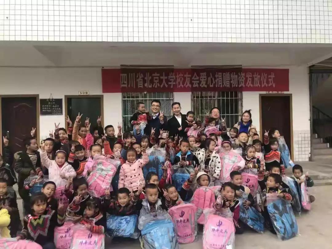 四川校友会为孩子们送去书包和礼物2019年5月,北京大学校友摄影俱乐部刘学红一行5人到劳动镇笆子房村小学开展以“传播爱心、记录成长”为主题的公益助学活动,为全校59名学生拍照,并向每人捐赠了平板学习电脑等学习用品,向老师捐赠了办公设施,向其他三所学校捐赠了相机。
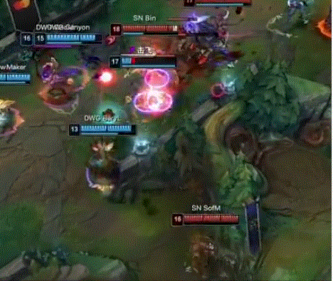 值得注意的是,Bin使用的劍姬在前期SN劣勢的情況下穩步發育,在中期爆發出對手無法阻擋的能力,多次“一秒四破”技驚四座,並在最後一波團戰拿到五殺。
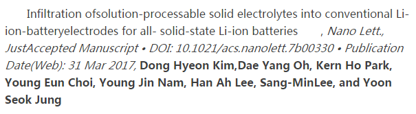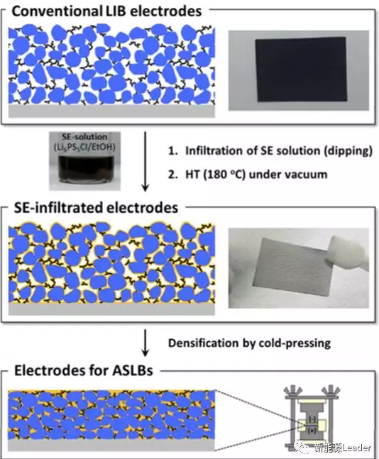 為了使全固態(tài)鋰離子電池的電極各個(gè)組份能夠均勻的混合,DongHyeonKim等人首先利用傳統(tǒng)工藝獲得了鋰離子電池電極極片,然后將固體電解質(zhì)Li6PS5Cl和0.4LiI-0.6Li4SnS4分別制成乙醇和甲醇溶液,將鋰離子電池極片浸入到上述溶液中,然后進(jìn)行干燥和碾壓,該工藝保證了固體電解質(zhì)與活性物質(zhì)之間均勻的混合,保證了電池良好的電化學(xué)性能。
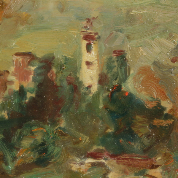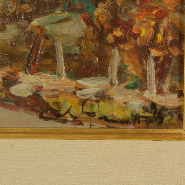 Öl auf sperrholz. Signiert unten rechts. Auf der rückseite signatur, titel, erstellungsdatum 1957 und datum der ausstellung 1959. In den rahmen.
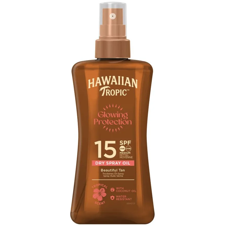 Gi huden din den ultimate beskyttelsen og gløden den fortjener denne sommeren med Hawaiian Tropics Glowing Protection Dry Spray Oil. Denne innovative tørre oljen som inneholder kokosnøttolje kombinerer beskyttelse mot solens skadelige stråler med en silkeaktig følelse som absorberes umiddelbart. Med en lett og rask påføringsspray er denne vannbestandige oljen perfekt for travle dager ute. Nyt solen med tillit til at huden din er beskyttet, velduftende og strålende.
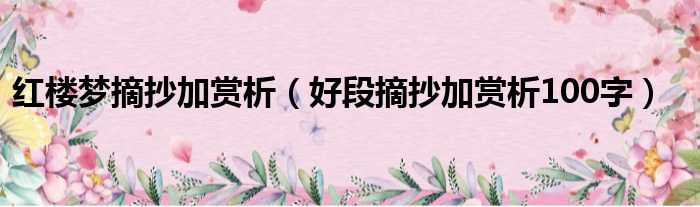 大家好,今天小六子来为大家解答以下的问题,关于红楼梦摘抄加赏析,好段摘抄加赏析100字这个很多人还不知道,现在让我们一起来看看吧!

--

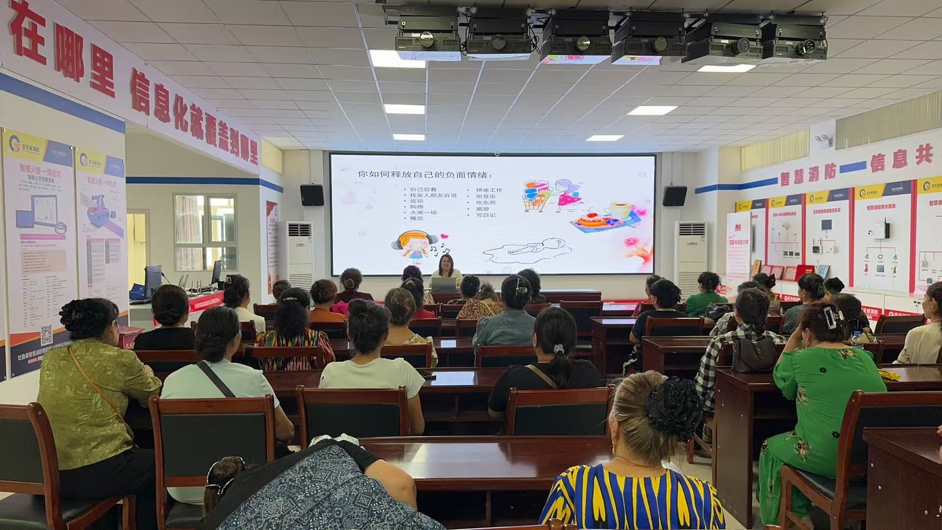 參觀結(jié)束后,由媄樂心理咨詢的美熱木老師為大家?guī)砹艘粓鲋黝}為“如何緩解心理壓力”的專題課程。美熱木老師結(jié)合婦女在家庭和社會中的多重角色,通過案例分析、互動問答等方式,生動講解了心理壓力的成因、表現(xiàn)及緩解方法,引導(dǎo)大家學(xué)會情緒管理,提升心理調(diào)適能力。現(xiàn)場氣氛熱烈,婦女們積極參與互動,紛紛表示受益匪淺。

- WORK ITEM -
Reproduce the listing above exactly from the line containing "為了使全固態(tài)鋰離子" up to and including the line containing "Gi huden din", omitting any images and everything outside those lines.

- ANSWER TO THIS PROBLEM -
 為了使全固態(tài)鋰離子電池的電極各個(gè)組份能夠均勻的混合,DongHyeonKim等人首先利用傳統(tǒng)工藝獲得了鋰離子電池電極極片,然后將固體電解質(zhì)Li6PS5Cl和0.4LiI-0.6Li4SnS4分別制成乙醇和甲醇溶液,將鋰離子電池極片浸入到上述溶液中,然后進(jìn)行干燥和碾壓,該工藝保證了固體電解質(zhì)與活性物質(zhì)之間均勻的混合,保證了電池良好的電化學(xué)性能。
 Öl auf sperrholz. Signiert unten rechts. Auf der rückseite signatur, titel, erstellungsdatum 1957 und datum der ausstellung 1959. In den rahmen.
 Gi huden din den ultimate beskyttelsen og gløden den fortjener denne sommeren med Hawaiian Tropics Glowing Protection Dry Spray Oil. Denne innovative tørre oljen som inneholder kokosnøttolje kombinerer beskyttelse mot solens skadelige stråler med en silkeaktig følelse som absorberes umiddelbart. Med en lett og rask påføringsspray er denne vannbestandige oljen perfekt for travle dager ute. Nyt solen med tillit til at huden din er beskyttet, velduftende og strålende.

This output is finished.